The World’s Top 5 Culinary Obsessions

Jun 13, 2012 9:01 am

Food freaks go wild from Barcelona to Brooklyn

Barcelonans hold elaborate calçotada, or parties, in honor of calçots.
Barcelonans hold elaborate calçotada, or parties, in honor of calçots.
 
Mango
On St. Croix, they celebrate the mango at the annual Mango Melee.
 

There comes a point in every food-loving life when you have to face hard questions. Has your passion for seasonality taken a dark turn? Is your commitment to local produce alienating friends and loved ones? Do vendors at your local farmers’ market avoid eye contact when you approach?

If so, you may be suffering from an affliction striking culinary communities around the globe.

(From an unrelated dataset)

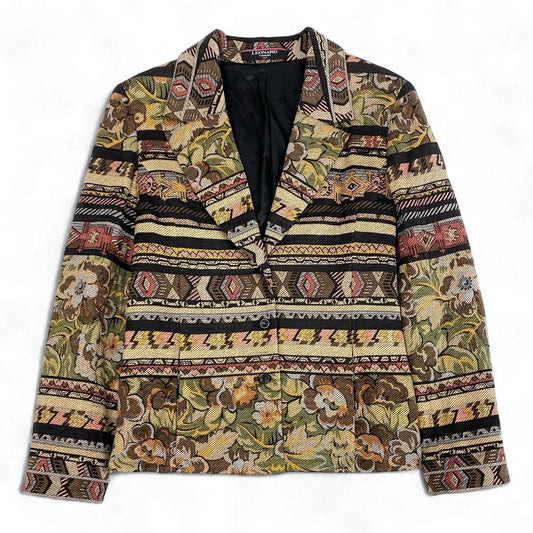 2k19《美品》 LEONARD FASHION レオナール テーラードジャケット 中綿ジャケット 総柄 美しい花柄プリント ウールシルク混 レディース 女性用 M マルチカラーu02t

From Catalonia to the Caribbean, we food fans are in danger of becoming maniacal, celebrating a single, seasonal ingredient to the point of obsession.

Whether you’re paying $20 per pound for onions in New York, or inspiring actual fruit-related protests in Israel, know that you are not alone. Take a deep breath, step away from the altar of Alice Waters, and read on to see if yours falls within the world’s top five singular culinary obsessions.

1. New York: Ramps
When these garlicky little rock stars hit farmers markets for their six-week limited engagement each spring, New Yorkers start eagerly forking over funds for any menu item featuring the bulbs. Twitter feeds are ablaze with the sort of excitement usually reserved for Jeter sightings or cobras on the lam. While ramps are admittedly delicious, New Yorkers’ endless enthusiasm for them begs the question: Would wild onions by any other name taste so sweet?

2. Tokyo: Matsutake
In a city known for manic culinary crazes, Matsutake mushrooms inspire an almost religious devotion amongst food-loving Tokyoites. Once a major seasonal symbol à la spring cherry blossoms, the fall fungi now have to be harvested by hand and are thus exceedingly rare. With a limited season of just a few short weeks, individual ‘shrooms can run around $200 a pop, yet sell out of purveyors stalls and restaurant menus every year.

3. St. Croix: Mangoes
Summer in St. Croix means mangoes. With over 80 varieties grown on-island, Crucians employ the fruit in everything from butter to sushi to home-brewed beer. At the annual Mango Melee, now in its 13th year, mangoes take a starring role at events like Mango Dis, Mango Dat, a hugely popular Iron Chef of sorts, in which local chefs compete to create the best mango-centric dishes. Go with an open mind and an empty stomach.

4. Barcelona: Calçots
Cousin to the scallion, calçots are a Catalan tradition. The cultivation process, in which roots are replanted and repeatedly covered with dirt, is so specific that calçots from their native Valls are geographically protected by the E.U. Harvest season was extended due to popular demand; fervent Barcelonans now hold elaborate calçotada, or parties and festivals in calçots’ honor, for up to three months each spring. Come early and come often to taste the charred bulbs dipped in garlicky salvitxada sauce.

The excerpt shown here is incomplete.